Does smaller \(s\) yields better performance?

Similar as above, this guess is suggested from our grid search. First, from the right figure above we may tell that smaller \(s\) yields a more volatile performance -- by volatile, it means we have more chance to attain better results. In the contrast, larger values give significantly more robust (yet around a negative Sortino ratio) performance and thus we conclude smaller \(s\) are more preferable.

Potential problems in the backtest?

There could be a lot of problems in fact, e.g. we are never a “perfect” market maker. But more severely, we may encounter some problem that we could’ve avoided, e.g. are we significantly biased to one side of trade, or, are we overfitting our model?

T =*record.records[4][:3])

fig = plt.figure(figsize=(14, 5))

ax = fig.add_subplot(121)
ax.scatter(T.index, T.position, color='r', s=1, alpha=.5)
ax.set_xlim(T.index.min(), T.index.max())
ax.set_xlabel('Time of Day')
plt.xticks(rotation=0, ha='center')

ax = fig.add_subplot(122)
ax.axvline(x=0, color='k', ls='--', alpha=.5)
ax.hist(T.position, bins=30, edgecolor='k', facecolor='c', alpha=.5, density=True)

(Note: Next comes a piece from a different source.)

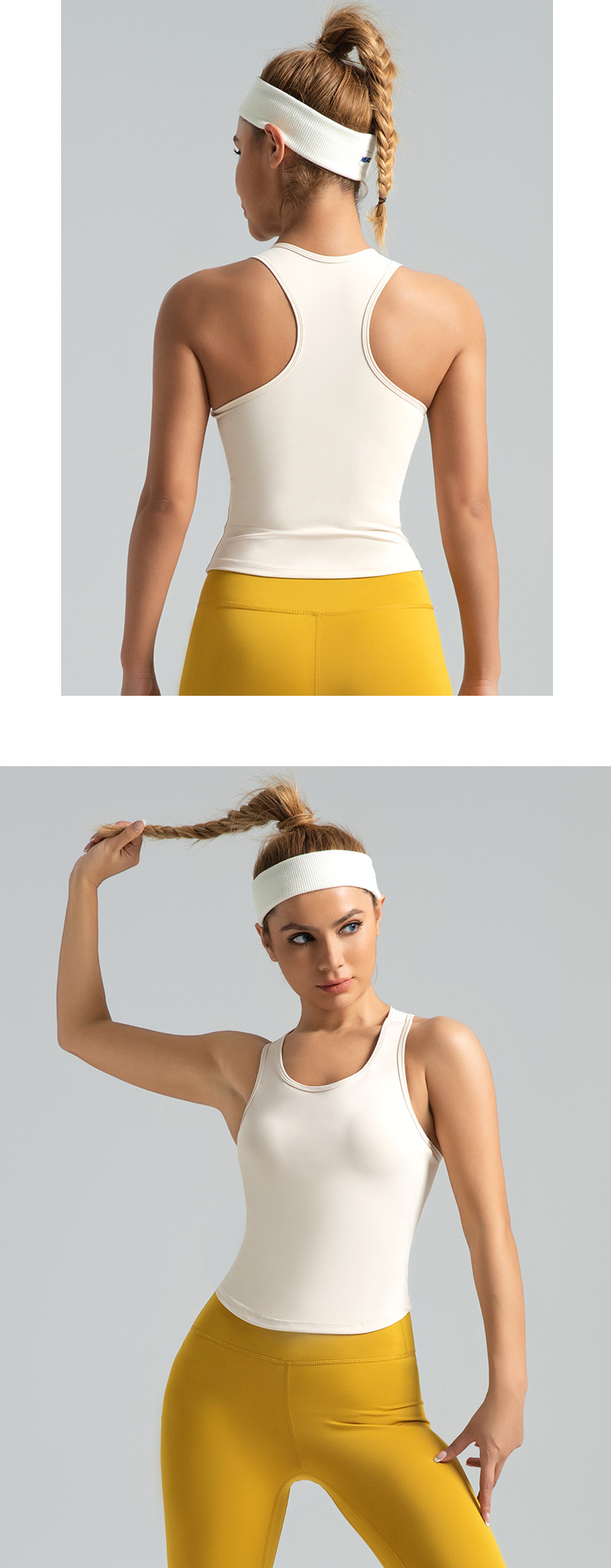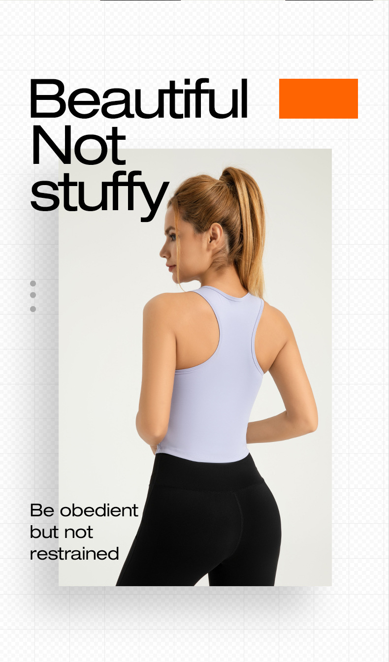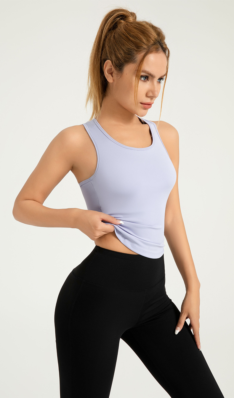크로스보더 복숭아색 요가탑 일체형 고정 라운드넥 타이트 노출방지 스포츠탑
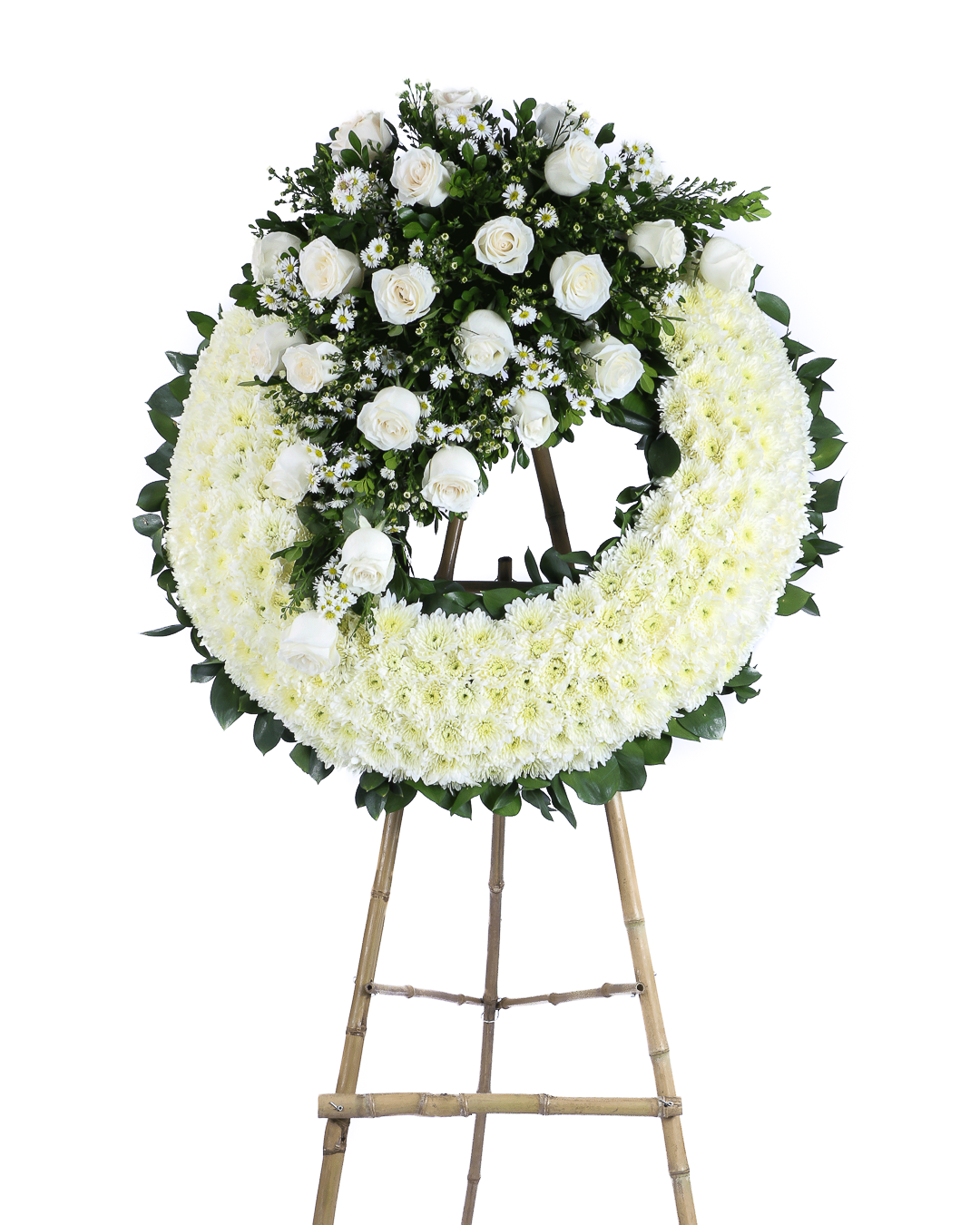 CORONA ELABORADA EN ROSAS, POMPON Y RUSCUS (INCLUYE CINTA Y ATRIL)

The two figures above shows the progress of our position over time. The position is, by and large, negative throughout the day. This can be infered either from the left scatter plot or from the right histogram (which is extremely biased to the left). The positive skewness in our position is a ruthless indication that we’ve overfit the model, mostly due to limitation of data. On such a small dataset, overfitting is highly risky and likely without cross-validatin methods etc. A potential cure for this may be using a larger dataset, or try to k-fold the timespan for CV.

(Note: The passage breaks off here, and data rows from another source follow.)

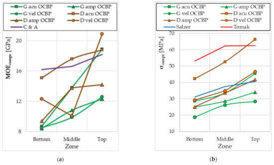 The average values of the modulus of elasticity obtained are in the range from 610 MPa to 930 MPa (for compression) and from 1948 MPa to 2858 MPa (for bending). On the other hand, the average values of the maximum stress range from 26.1 MPa to 37.9 (for compression along the fibers) and from 58.3 MPa to 137.8 MPa (for bending).
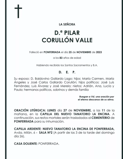 Esquelas PILAR CORULLON VALLE 26 de Noviembre de 2023 Comentarios Guardar PILAR CORULLON VALLE Temas Esquelas Bierzo Esquelas Ponferrada Esquelas
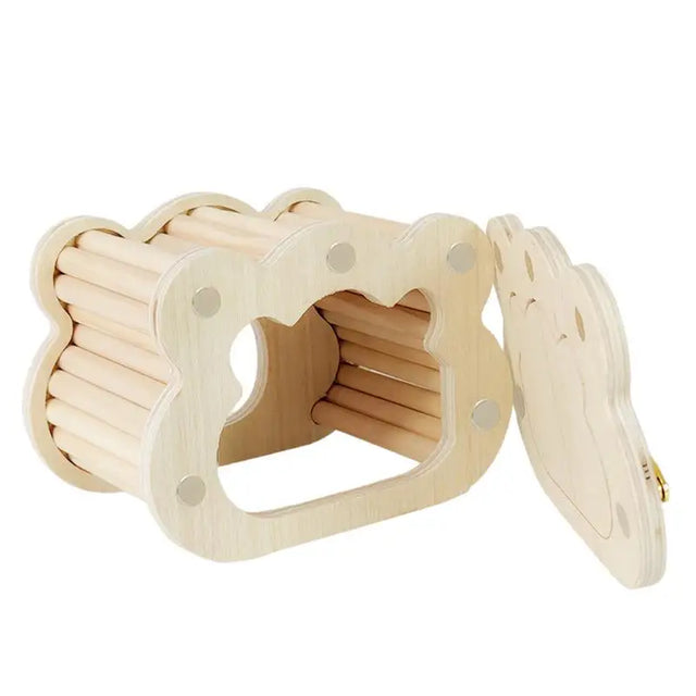 Wooden Hamster Hideout House Cute Cloud Shapes Tiny
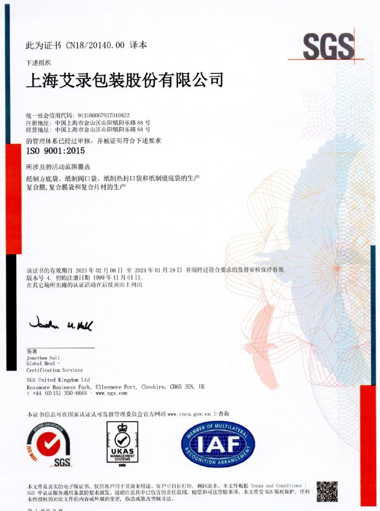 上海艾錄包裝股份有限公司(證券簡稱:上海艾錄 證券代碼:301062)成立于2006年,主要從事工業(yè)用紙包裝、塑料包裝及智能包裝系統(tǒng)的研發(fā)、設計、生產(chǎn)、銷售以及服務。經(jīng)過多年的持續(xù)發(fā)展,公司已由國內領先的工業(yè)用紙包裝公司,成長為一家工業(yè)與消費包裝產(chǎn)品皆備的軟體包裝一體化解決方案提供商,并通過智能化、柔性化、定制化的生產(chǎn)能力,為妙可藍多、蒙牛、光明、雀巢、菲仕蘭、 陶氏、巴斯夫、沈陽化工、佰利聯(lián)、德高、立邦、東方雨虹、美巢等國內外知名工業(yè)及消費類企業(yè)客戶提供包裝解決方案所需的相關產(chǎn)品。
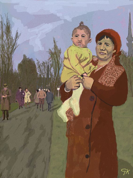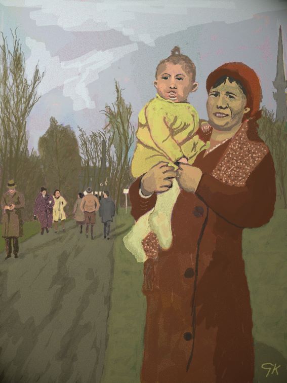 Mijn moeder met mijn oudste broer Piet in het kasteelpark in Helmond. De zwart-witfoto die als voorbeeld heeft gediend voor deze tekening is van 1934.

In the meantime, let’s take a step back and analyze why the grid search gives us short position most time of the day. As far as I’m concerned, this is mainly because the profit we can obtain from taking a short position most of the time overwhelms that we can achieve from dynamic adjusting our side of trade and maintaining a neutral position. In a particular market like this given one where the general tendency of price is declining, a simple grid search ends up like this and we should’ve been aware of this before the whole analysis.

Numerically, the market making profit in this particular example is the price difference from each matched bid/ask and the corresponding mid price, which we used to calculate position market values. Under this setting, every trade we made we obtain a certain piece of revenue at no cost. The buy-and-hold profit, on the other hand, comes from holding a short position (in our story) and wait for the price to decline. We know the second profit is significantly larger than the first.

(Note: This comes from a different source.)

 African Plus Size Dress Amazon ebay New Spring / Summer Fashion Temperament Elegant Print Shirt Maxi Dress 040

Theoretically, in order to fix this problem in its essence, we need to add one more parameter into our model, a parameter that rewards neutral positions or punishes holding a outstanding one. Available candidates include time-dollar product of a lasting position and moving averages of positions.


In this research, we tried to wrap up a simple backtest engine with a very special “perfect” market making setting. The setting is proved to be unrealistic but still provided a number of insights after detailed analysis. In the meantime, we may improve the model in a variety of ways based on the last sector Parameter Analysis.